Santigold chronology
| I Don't Want: The Gold Fire Sessions (2018) | Spirituals (2022) |  |

Singles from Spirituals
- "High Priestess" Released: May 18, 2022; "Ain't Ready" Released: June 15, 2022; "Nothing" Released: July 13, 2022; "Shake" Released: August 10, 2022; "Fall First" Released: September 21, 2022; "My Horror" Released: November 18, 2022; "Witness" Released: January 11, 2023;

= Spirituals (Santigold album) =

Spirituals is the fourth studio album by American musician and singer Santigold. It was released digitally and physically on vinyl on September 9, 2022, through Little Jerk Records. The CD was out on September, 30.

The lyrics address human resilience. Santigold promoted Spirituals with singles and videos for "High Priestess", "Ain't Ready", "Nothing", "Shake", "Fall First", "My Horror" and "Witness".

The album received favorable reviews.

== Background ==
Santigold had released the I Don't Want: The Gold Fire Sessions mixtape in July 2018 and she had additionally appeared on two Tyler, the Creator releases, Music Inspired by Illumination & Dr. Seuss' The Grinch in late 2018 and Igor in mid 2019, contributing vocals. Spirituals was recorded largely throughout the COVID-19 pandemic, between 2020 and 2021 with lyrics inspired in part by the present time in the US. The album was a nod to the traditional Negro spirituals.

She stated: "I called it "Spirituals" because, for me, making this record was my own salvation, really. It was an opportunity to step out of survival mode. And the idea of using art and music in particular to transcend my circumstances and experience freedom and joy and beauty in the absence of it in my environment to me was the same thing that Negro spirituals did for slaves in a time where [sic] they were able to experience freedom and joy through this music when their - in their environments, they were not free, and there wasn't - it wasn't joyous."
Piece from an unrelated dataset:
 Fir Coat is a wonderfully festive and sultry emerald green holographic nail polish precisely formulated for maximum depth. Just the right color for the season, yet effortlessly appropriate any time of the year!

Santigold explained that the writing process was cathartic. It was "creating light for me to move towards"; "I'm so lucky to know that creating, just the act of creating, can do that for me, can save me that way, can lift me up." She described Spirituals as a "celebration of human resilience."

In mid-April 2021, Santigold shared a picture of her final days in the studio to social media. In June 2021, Santigold featured on Mark Ronson's The Fader Uncovered podcast. She confirmed details of her upcoming album, which was being mixed at the time, sharing the title and stating:

There's a lot of beats. I definitely made it in a room by myself, virtually with everyone, which was hard... I ended up being in Canada for five months in a cabin in the woods really by myself, which was interesting because then the whole nature thing really opened up and became another element that found its way into the music... It's just all over the place... It's got some punk. It's got some rap. It's got everything.

==Music==
Spirituals incorporates pop beats, electronica, tropicalia, gospel, punk, rap, funk, post-punk, and reggae.
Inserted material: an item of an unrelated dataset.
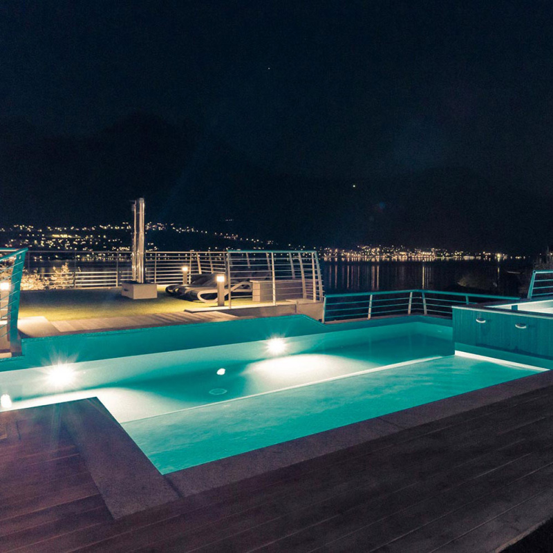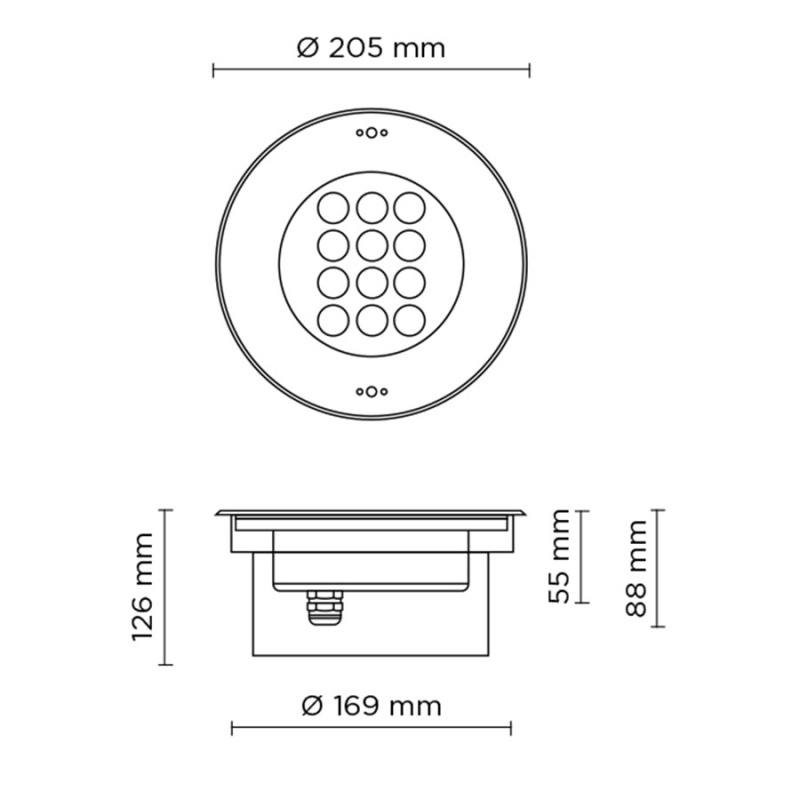 Aδιάβροχο φωτιστικό πισίνας ιταλικής κατασκευής, στρογγυλού σχήματος, για εσοχή στον τοίχο. Κατασκευασμένο εξ ολοκλήρου από ανοξείδωτο χάλυβα AISI 316L, περίβλημα από πολυπροπυλένιο για εσοχή. Απαιτείται τηλεχειριστήριο 24V, με 12 LED OSRAM. Βαθμός προστασίας IP68.

Rolling Stone wrote that on Spirituals opener "My Horror", "she combines subtle electronica with flashes of ukulele". "High Priestess" was described as s a "powerful slice of glitchy rap pop, pitted against fierce lyrical wordplay". Heather Phares described it as "a deceptively sweet lullaby of stasis that unleashes its dread slowly". Alternative Press wrote about the songs: "She shares her journey to ascension and invites us to participate with tropical rhythms that simultaneously haunt and uplift". NME wrote that Santigold opened to love on the closing track "Fall First", saying: "her passion is channelled through an unlikely vintage post-punk lens, complete with a motorik beat, an ominous bassline and cavernous reverb".

==Release==
The album was released worldwide on CD. A picture disc edition vinyl LP - limited to 7,500 copies- was also made available from various retailers including Amazon, "Roughtrade", Juno, "Imusic", and Fnac.

Short music videos were shot and uploaded on Santigold's YouTube channel for the six singles taken from the album: "High Priestess", "Ain't Ready", "Nothing", "Shake", "Fall First" and "My Horror".
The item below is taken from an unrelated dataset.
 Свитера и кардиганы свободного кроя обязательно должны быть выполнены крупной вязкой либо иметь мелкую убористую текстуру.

The lead single, "High Priestess", was released in May 2022, later followed by "Ain't Ready", alongside the album's announcement, and "Nothing". Spirituals was released via Little Jerk Records label.

==Critical reception==

Spirituals was met with mostly positive reviews. At Metacritic, which assigns a normalized rating out of 100 to reviews from mainstream critics, the album received an average score of 78, based on 14 reviews.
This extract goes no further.